Jack Kerouac, a "ragged priest of the word" according to Ben Giamo, embarked on a spiritual quest "for the ultimate meaning of existence and suffering, and the celebration of joy in the meantime." For Kerouac, the quest was a sustained and creative experiment in literary form. Intuitive and innovative, Kerouac created prose styles that reflected his search for personal meaning and spiritual intensity. These styles varied from an exuberant brand of conventional narrative (On the Road, The Dharma Bums, and Desolation Angels) to spontaneous bop prosody (Visions of Cody.Doctor Sax, and The Subterraneans). Giamo’s primary purpose is to chronicle and clarify Kerouac’s various spiritual quests through close examinations of the novels. Kerouac began his quest with On the Road, which also is Giamo’s real starting point. To establish early themes, spiritual struggles, and stylistic shifts, however, Giamo begins with the first novel, Town and Country, and ends with Big Sur, the final turning point in Kerouac’s quest.

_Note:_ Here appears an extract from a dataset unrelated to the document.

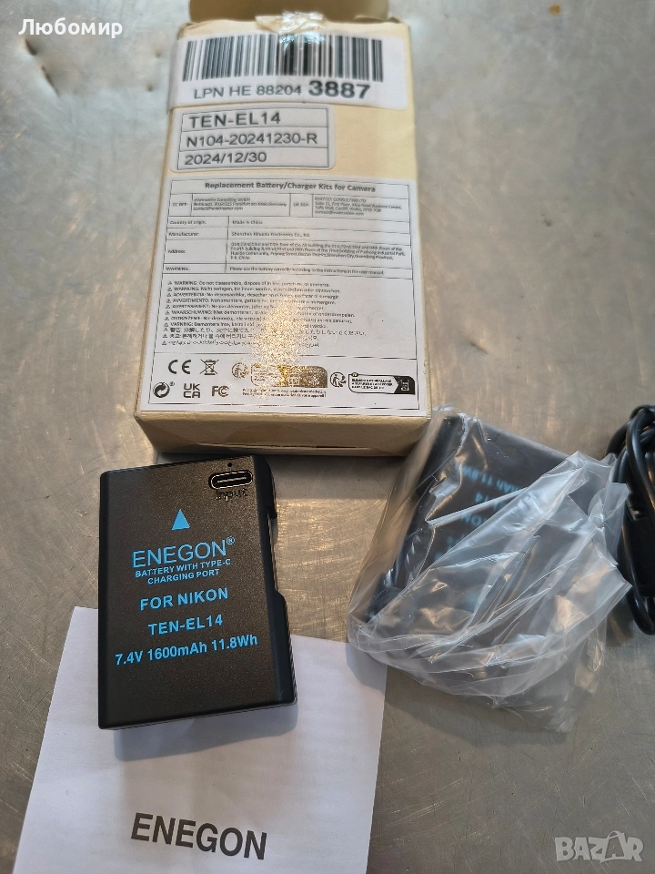 ENEGON EN-EL14/EN-EL14a Батерии за зарядно устройство тип C 1600mAh Съвместими с Nikon DSLR D3100, D3200, D3300, D3400, D3500, D5100, D5200, D5300, D5500, D5600, DF Coolpix P7000, P7100, P7700, P7800.зареждайте в движение без обемисти аксесоари. Само с един USB-C кабел можете да зареждате две батерии Nikon EL14/EN-EL14a по всяко време и навсякъде. Идеална за пътуване и употреба на открито, батерията ENEGON EN-EL14/EL14a може да се зарежда с устройства като лаптопи, външни батерии, зарядни устройства за кола и други, осигурявайки значително удобство при зареждане.

Kerouac was primarily a religious writer bent on testing and celebrating the profane depths and transcendent heights of experience and reporting both truly. Baptized and buried a Catholic, he was also heavily influenced by Buddhism, especially from 1954 until 1957 when he integrated traditional Eastern belief into several novels. Catholicism remained an essential force in his writing, but his study of Buddhism was serious and not solely in the service of his literary art. As he wrote to Malcolm Cowley in 1954, "Since I saw you I took up the study of Buddhism and for me it’s the word and the way I was looking for."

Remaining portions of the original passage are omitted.